Every line of the listing below from the one with "Hop hop pour" up to and including the one with "Gəncənin məşhur Bayraq" should be retyped exactly, and nothing else; pictures are not part of the copy.

----------------

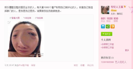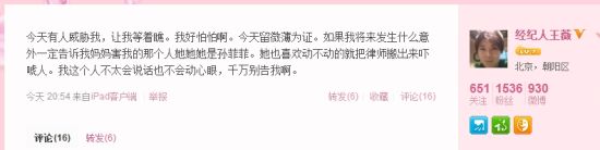今晚,孙菲菲的前经纪人王薇在微博中意有所指地说道:“娱乐圈整容整的面目全非的人,每天雇1000个僵尸粉帮自己刷评论的人,故意自己制造踩裙门的人,是我是我还是我。谁要跟我抢我就跟她急。”随后,她又在微博中表示自己受到了孙菲菲的威胁,“今天有人威胁我,让我等着瞧。我好怕怕啊。今天留微博为证。如果我将来发生什么意外,一定告诉我妈妈害我的那个人她是孙菲菲。她也喜欢动不动的就把律师搬出来吓唬人,我这个人不太会说话也不会动心眼,千万别告我啊。”
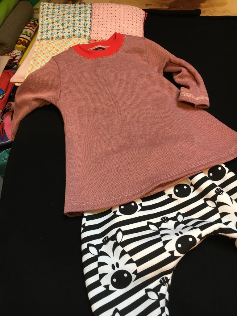 Hop hop pour ne pas être prise de court et comme je sais que ça sera une petite poulette, je m’y suis mise directement, un ensemble pour ses 1 an 🙂
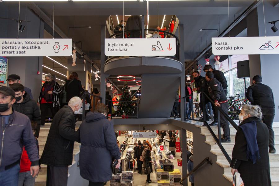 Gəncənin məşhur Bayraq Meydanında yerləşən 890 m 2 əraziyə malik, isti ortamlı mağazanın 1-ci mərtəbəsində dünya brendlərinə aid rəqəmsal, kiçik məişət və nəqliyyat texnikasının, 2-ci mərtəbəsində isə böyük məişət əşyalarının geniş çeşidi zövqlə sərgilənib.
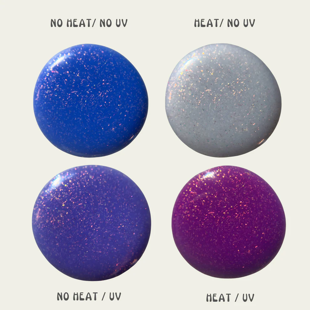 This polish will produce a unique color reaction to the presence or absence of direct sunlight (not through a window) and temperature change. The variances of color are: no UV's in a cold state/no UV's in a hot state and UV's in a cold state/UV's in a hot state. There is a range of color varieties based on temperature and UV rays.
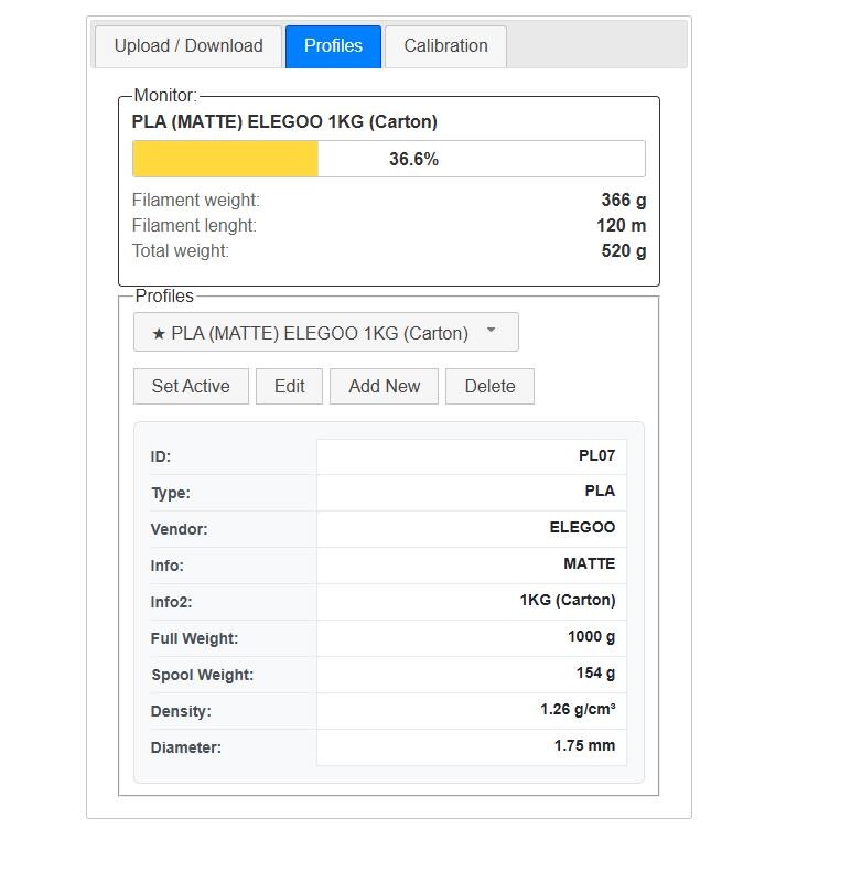 Профайлы хранятся в обычном csv файле, этот файл можно загрузить на комп, отредактировать в обычном текстовом редакторе или в Excel и закинуть обратно. В ESP32 csv файл хранится в SPIFFS
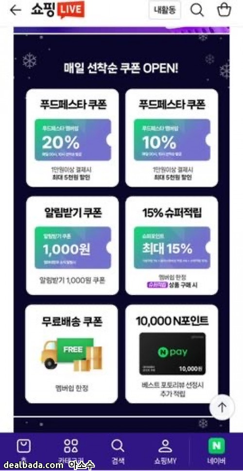 하루에 2번 00시/10시에 선착순 쿠폰 받으시면 되세요
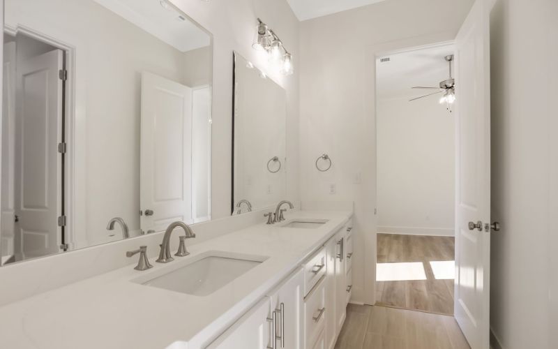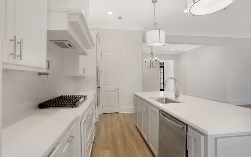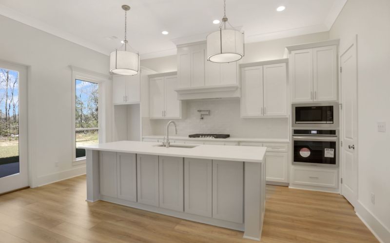 This brand-new 4-bedroom, 3.5-bath home is perfect for those who truly want it ALL! Step into the foyer that leads to an oversized Dining room with a stunning statement Wall hiding a clever bonus space?perfect for a bar, cozy library, or plenty of extra storage. The gourmet kitchen is fit for a chef, featuring beautiful backsplash, gleaming granite countertops, a large island, pot filler, and a spacious pantry. Flowing seamlessly into the den, the kitchen invites gatherings around a charming fireplace and a wall of windows framing the outdoor living area. The master suite is a true retreat, offering three distinct spaces: the spacious bedroom, a luxurious ensuite bath, and an oversized closet with many built ins. The additional bedrooms are thoughtfully designed, with private vanities and a shared wet area for two, while the secluded fourth bedroom boasts its own large bathroom.
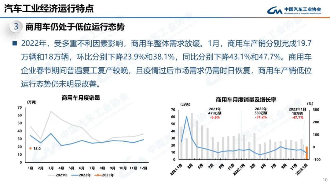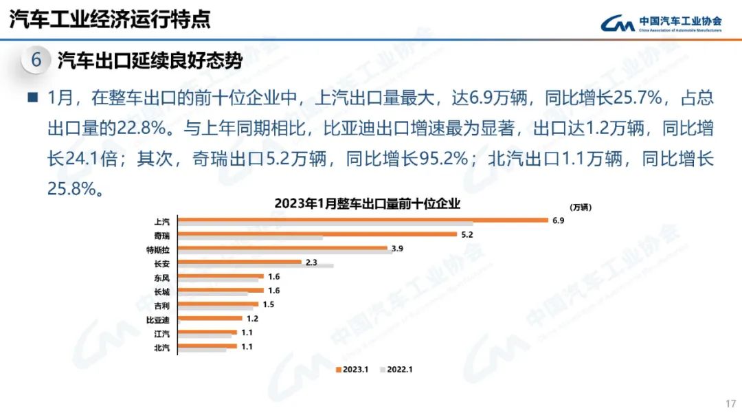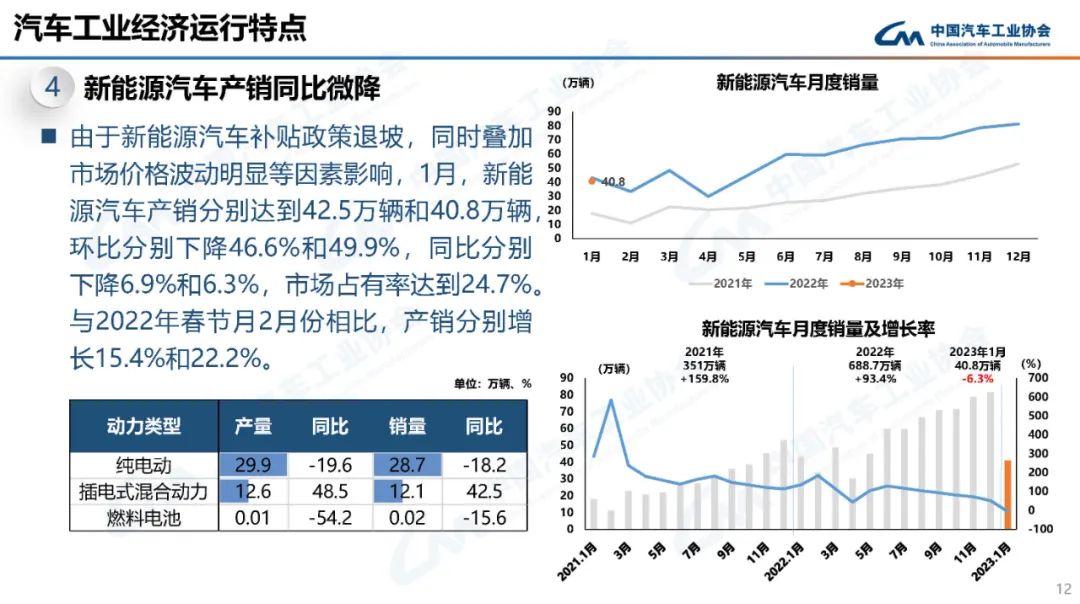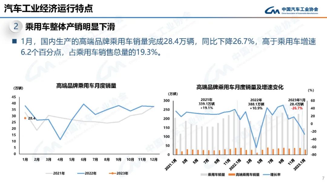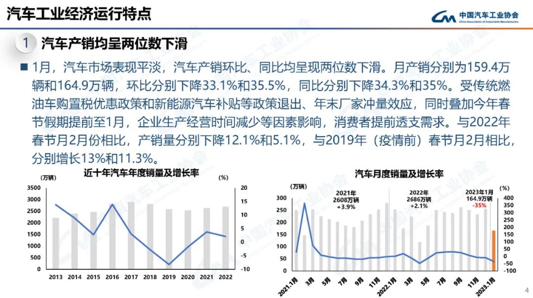 中国汽车工业协会:2023年1月汽车工业产销情况 据中国汽车工业协会统计分析,2023年1月,受春节假期及部分消费需求提前透支影响,叠加传统燃油车购置税优惠和新能源汽车补贴政策退出,汽车市场表现平淡,产销环比、同比均呈现两位数下滑。 更多阅读:中国汽车工业协会: 2023年5月汽车工业产销情况中国汽车工业协会:2023年7月汽车工业产销情况中国汽车工业协会:2023年3月汽车工业产销情况中国汽车工业协会:2023年8月汽车工业产销情况中国汽车工业协会:2022年11月汽车工业产销情况中国汽车工业协会:2022年汽车工业产销情况中国汽车工业协会:2022年3月前十位轿车品牌销量排名中国汽车工业协会:2023年1-2月我国汽车商品出口金额前十国情况简析中国汽车工业协会:2021年5月汽车工业运行情况简述中国汽车工业协会:2023年2月汽车工业产销情况中国汽车工业协会:2022年10月中国汽车工业经济运行情况中国汽车工业协会:2020年11月汽车工业经济运行情况中国汽车工业协会: 2024年7月汽车工业产销情况中国汽车工业协会:2021年4月中国汽车工业经济运行情况中国汽车工业协会:2023年4月中国品牌乘用车销售简析
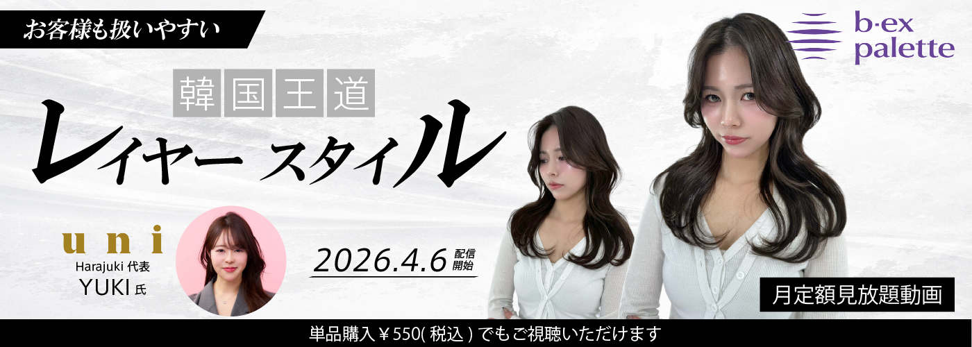 美容師教育動画配信サービス『b-ex palette』では、4月6日より月定額プランで視聴できる動画を追加致しました。
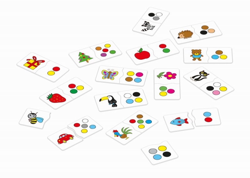 Hra BARVIČKY se skládá z 24 různých destiček. Jedna destička se vždy skládá ze dvou polovin. Jedna polovina obsahuje jeden obrázek a druhá půlka různobarevná kolečka. Barva koleček se shoduje s barvami, které obsahuje obrázek na odpovídající druhé části. Úkolem dětí je najít 2 kartičky kde jsou stejné barvičky jak na obrázku, tak v kolečkách a přiložit je k sobě. Vlnovkové spojení obou polovin destiček dětem napoví, jestli jejich úsilí bylo úspěšné. Zábavnou formou se tak děti učí nejen barvičky, ale hraní podporuje také pozorovací schopnosti a logiku, a v neposlední řadě jemnou motoriku dětských ručiček. - učí poznávat barvy - pomáhá zlepšovat jemnou motoriku - rozvíjí pozorovací schopnosti a postřeh.

----------------

Answer to this problem -
 Hop hop pour ne pas être prise de court et comme je sais que ça sera une petite poulette, je m’y suis mise directement, un ensemble pour ses 1 an 🙂
 Gəncənin məşhur Bayraq Meydanında yerləşən 890 m 2 əraziyə malik, isti ortamlı mağazanın 1-ci mərtəbəsində dünya brendlərinə aid rəqəmsal, kiçik məişət və nəqliyyat texnikasının, 2-ci mərtəbəsində isə böyük məişət əşyalarının geniş çeşidi zövqlə sərgilənib.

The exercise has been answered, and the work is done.